--- EXERCISE OBJECTIVE ---
An image-free reproduction of the data below is needed: print it exactly.
[AVAILABLE DATA]
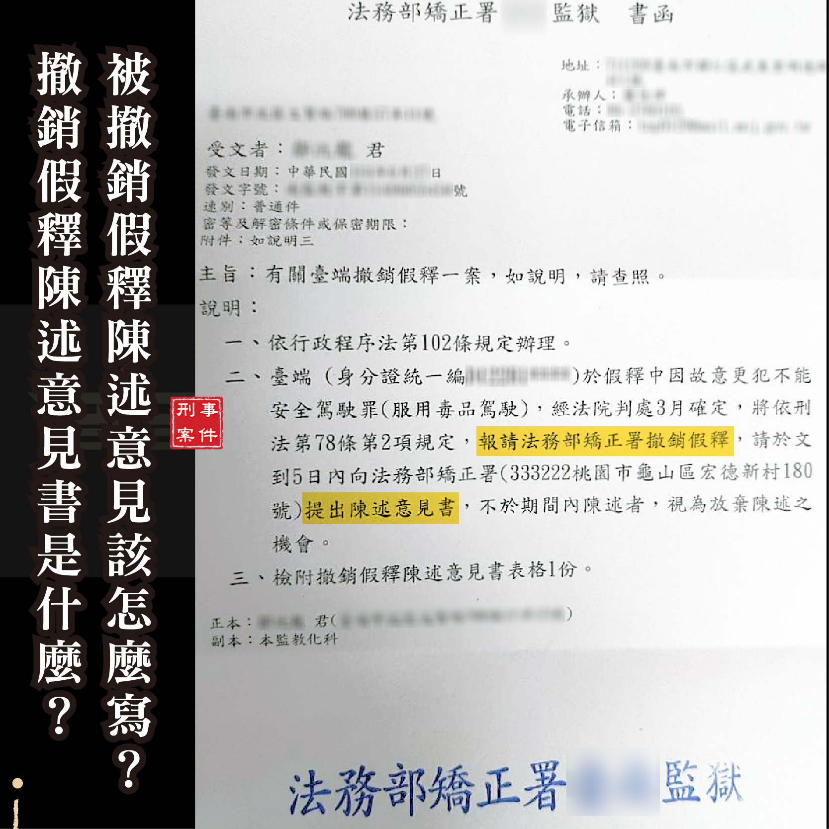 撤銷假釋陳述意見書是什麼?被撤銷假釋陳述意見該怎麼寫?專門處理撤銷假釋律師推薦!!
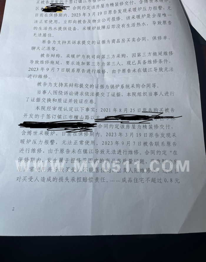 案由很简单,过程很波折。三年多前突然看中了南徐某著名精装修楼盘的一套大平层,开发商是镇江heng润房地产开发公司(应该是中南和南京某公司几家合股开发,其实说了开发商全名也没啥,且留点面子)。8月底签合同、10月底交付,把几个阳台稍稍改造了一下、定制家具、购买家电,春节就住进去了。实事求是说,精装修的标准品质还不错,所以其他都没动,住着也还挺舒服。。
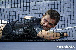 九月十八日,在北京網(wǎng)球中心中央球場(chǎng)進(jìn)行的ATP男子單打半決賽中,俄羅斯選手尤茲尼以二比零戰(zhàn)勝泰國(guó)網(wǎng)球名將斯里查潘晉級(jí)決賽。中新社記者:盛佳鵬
[/AVAILABLE DATA]
--- WRITTEN ANSWER ---
 撤銷假釋陳述意見書是什麼?被撤銷假釋陳述意見該怎麼寫?專門處理撤銷假釋律師推薦!!
 案由很简单,过程很波折。三年多前突然看中了南徐某著名精装修楼盘的一套大平层,开发商是镇江heng润房地产开发公司(应该是中南和南京某公司几家合股开发,其实说了开发商全名也没啥,且留点面子)。8月底签合同、10月底交付,把几个阳台稍稍改造了一下、定制家具、购买家电,春节就住进去了。实事求是说,精装修的标准品质还不错,所以其他都没动,住着也还挺舒服。。
 九月十八日,在北京網(wǎng)球中心中央球場(chǎng)進(jìn)行的ATP男子單打半決賽中,俄羅斯選手尤茲尼以二比零戰(zhàn)勝泰國(guó)網(wǎng)球名將斯里查潘晉級(jí)決賽。中新社記者:盛佳鵬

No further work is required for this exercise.